▶ [Work instruction]: Without the images, repeat every line of the listing exactly.

▶ [Material provided]:
···

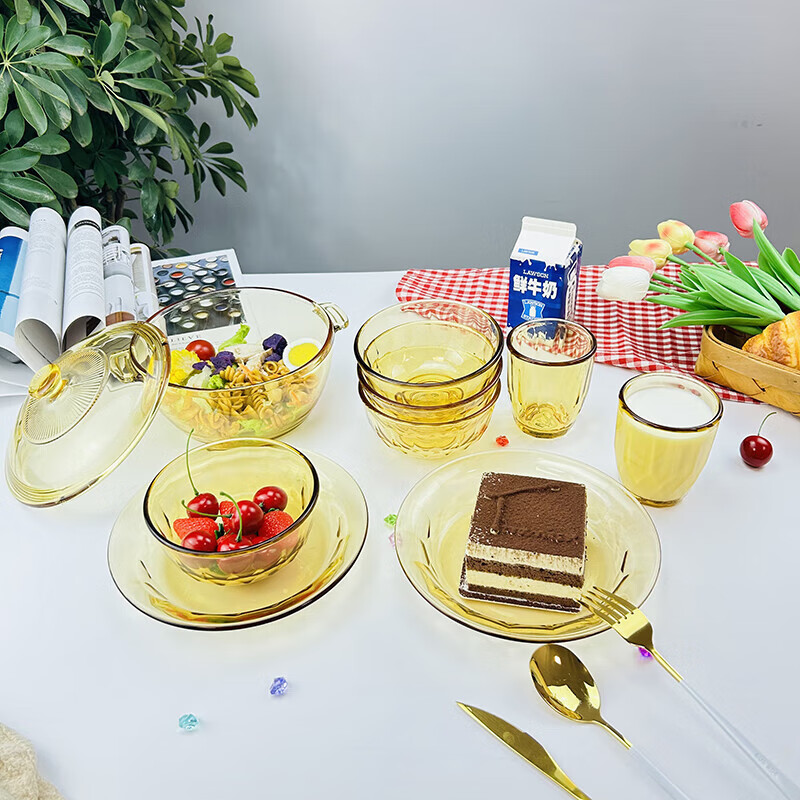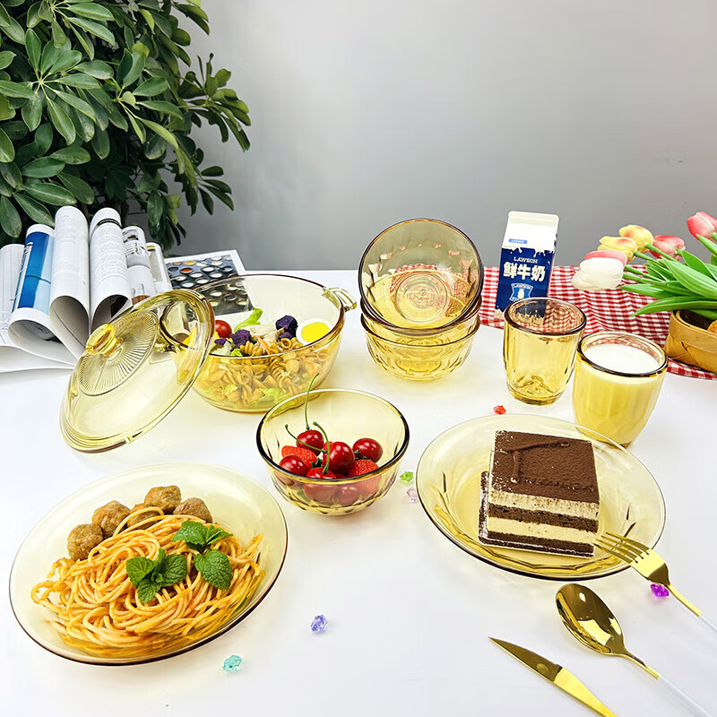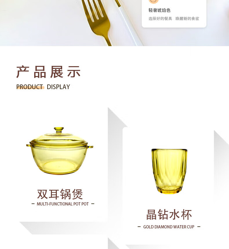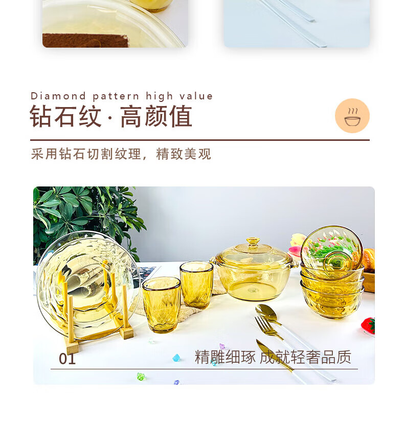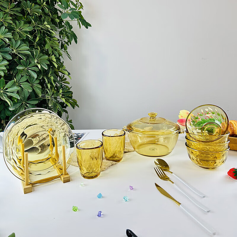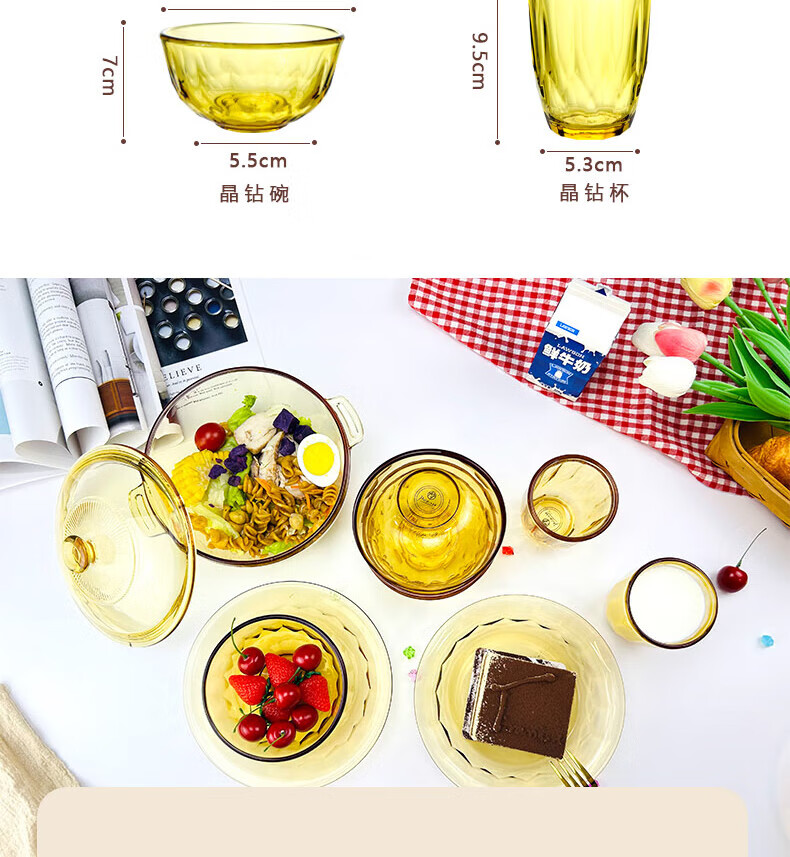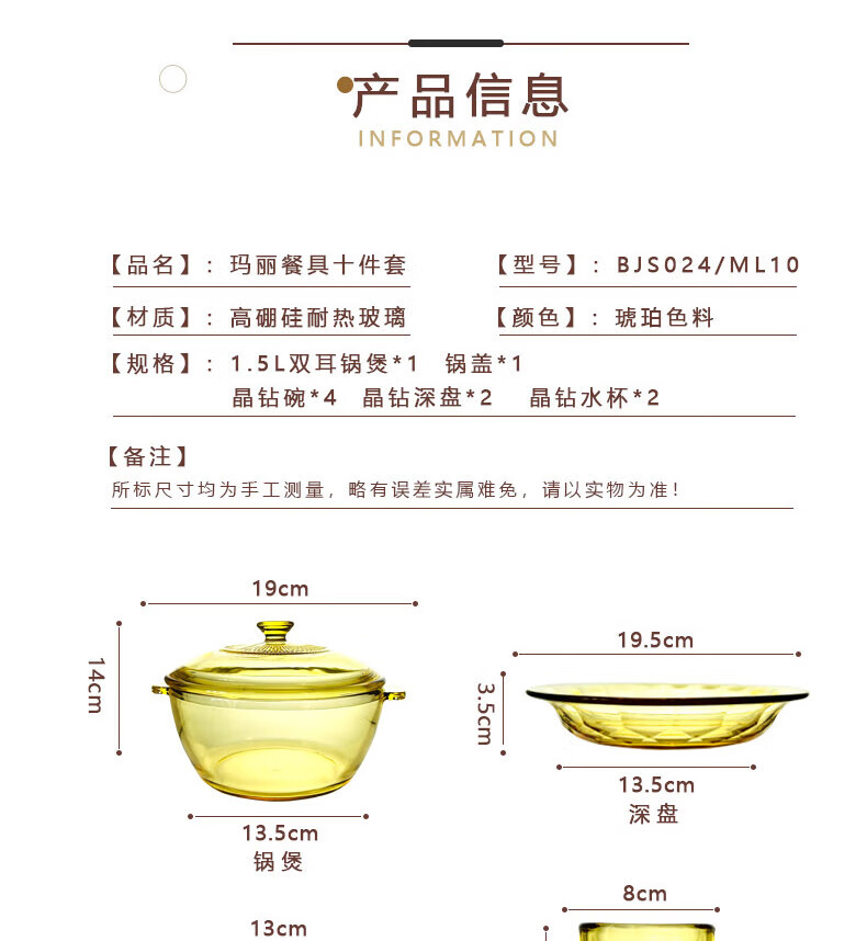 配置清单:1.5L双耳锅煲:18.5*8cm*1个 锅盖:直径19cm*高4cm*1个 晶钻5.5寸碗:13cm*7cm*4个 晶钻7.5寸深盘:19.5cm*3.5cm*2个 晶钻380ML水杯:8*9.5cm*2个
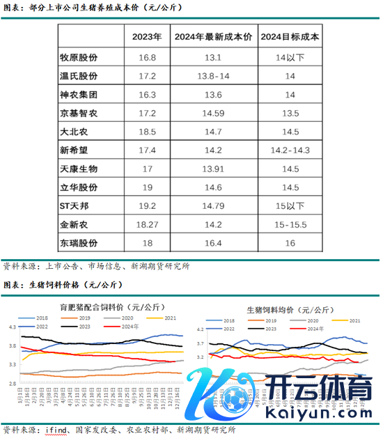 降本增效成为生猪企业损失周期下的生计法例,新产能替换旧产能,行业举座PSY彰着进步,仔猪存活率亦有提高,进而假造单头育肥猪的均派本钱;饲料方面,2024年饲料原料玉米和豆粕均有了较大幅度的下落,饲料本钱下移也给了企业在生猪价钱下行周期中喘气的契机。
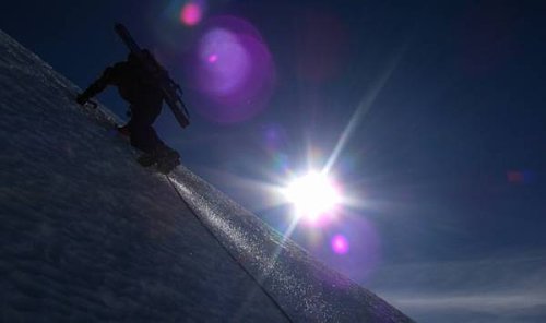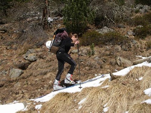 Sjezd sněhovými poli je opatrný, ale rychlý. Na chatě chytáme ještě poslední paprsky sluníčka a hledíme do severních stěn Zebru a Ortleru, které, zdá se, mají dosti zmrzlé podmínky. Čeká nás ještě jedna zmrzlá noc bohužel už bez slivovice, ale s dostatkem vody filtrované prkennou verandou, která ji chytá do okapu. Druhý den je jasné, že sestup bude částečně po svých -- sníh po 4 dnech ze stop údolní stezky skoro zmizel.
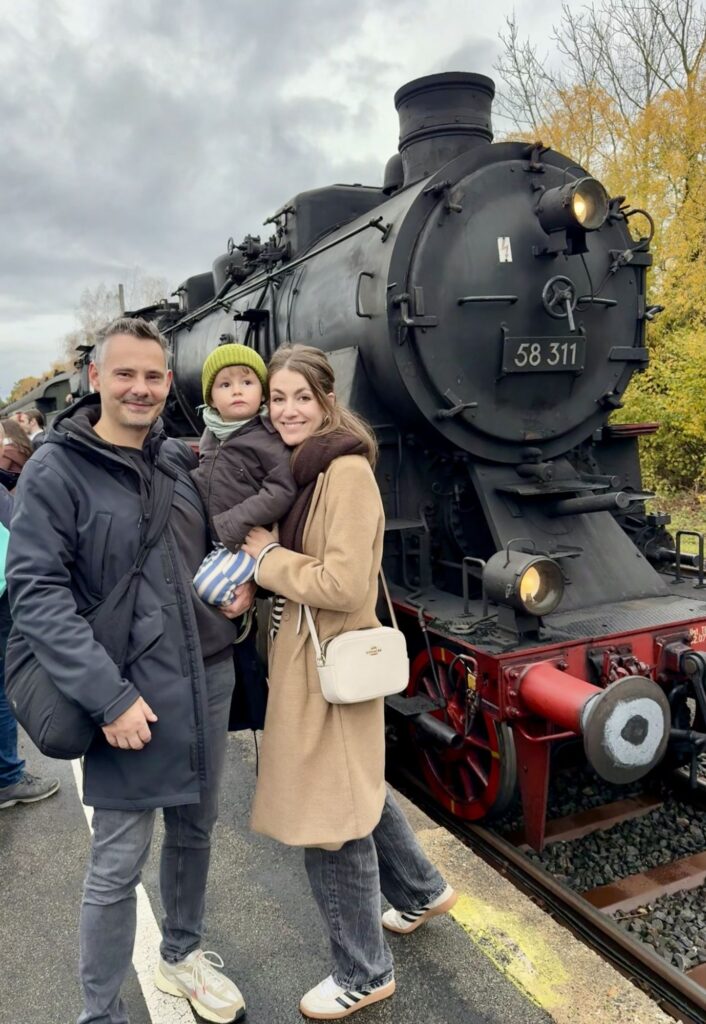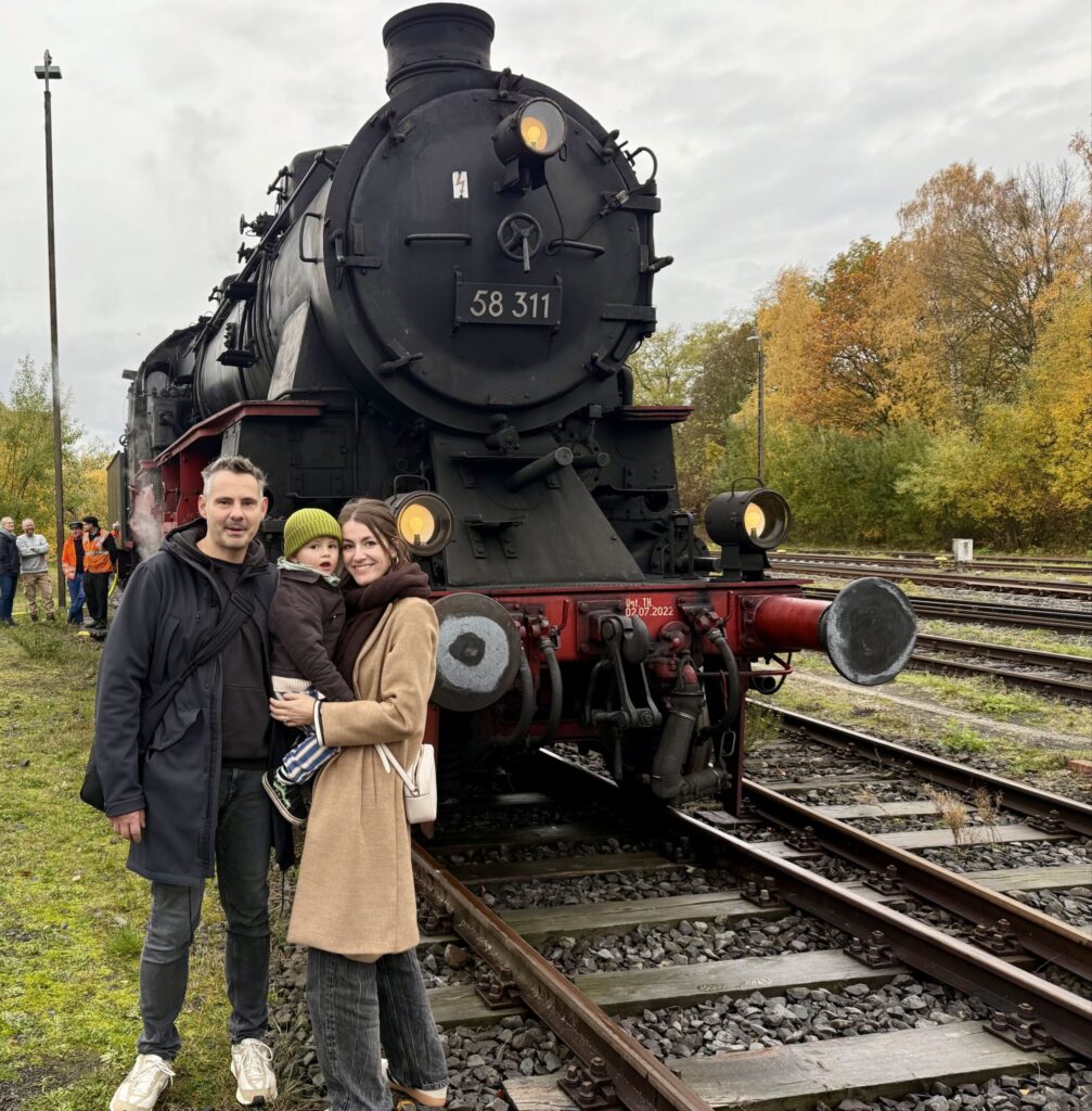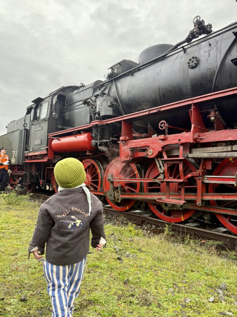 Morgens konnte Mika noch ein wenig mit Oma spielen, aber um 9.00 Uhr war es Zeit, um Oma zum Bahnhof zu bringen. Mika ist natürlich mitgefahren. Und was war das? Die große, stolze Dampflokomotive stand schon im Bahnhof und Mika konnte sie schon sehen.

···

▶ [Answer to the exercise]:
 配置清单:1.5L双耳锅煲:18.5*8cm*1个 锅盖:直径19cm*高4cm*1个 晶钻5.5寸碗:13cm*7cm*4个 晶钻7.5寸深盘:19.5cm*3.5cm*2个 晶钻380ML水杯:8*9.5cm*2个
 降本增效成为生猪企业损失周期下的生计法例,新产能替换旧产能,行业举座PSY彰着进步,仔猪存活率亦有提高,进而假造单头育肥猪的均派本钱;饲料方面,2024年饲料原料玉米和豆粕均有了较大幅度的下落,饲料本钱下移也给了企业在生猪价钱下行周期中喘气的契机。
 Sjezd sněhovými poli je opatrný, ale rychlý. Na chatě chytáme ještě poslední paprsky sluníčka a hledíme do severních stěn Zebru a Ortleru, které, zdá se, mají dosti zmrzlé podmínky. Čeká nás ještě jedna zmrzlá noc bohužel už bez slivovice, ale s dostatkem vody filtrované prkennou verandou, která ji chytá do okapu. Druhý den je jasné, že sestup bude částečně po svých -- sníh po 4 dnech ze stop údolní stezky skoro zmizel.
 Morgens konnte Mika noch ein wenig mit Oma spielen, aber um 9.00 Uhr war es Zeit, um Oma zum Bahnhof zu bringen. Mika ist natürlich mitgefahren. Und was war das? Die große, stolze Dampflokomotive stand schon im Bahnhof und Mika konnte sie schon sehen.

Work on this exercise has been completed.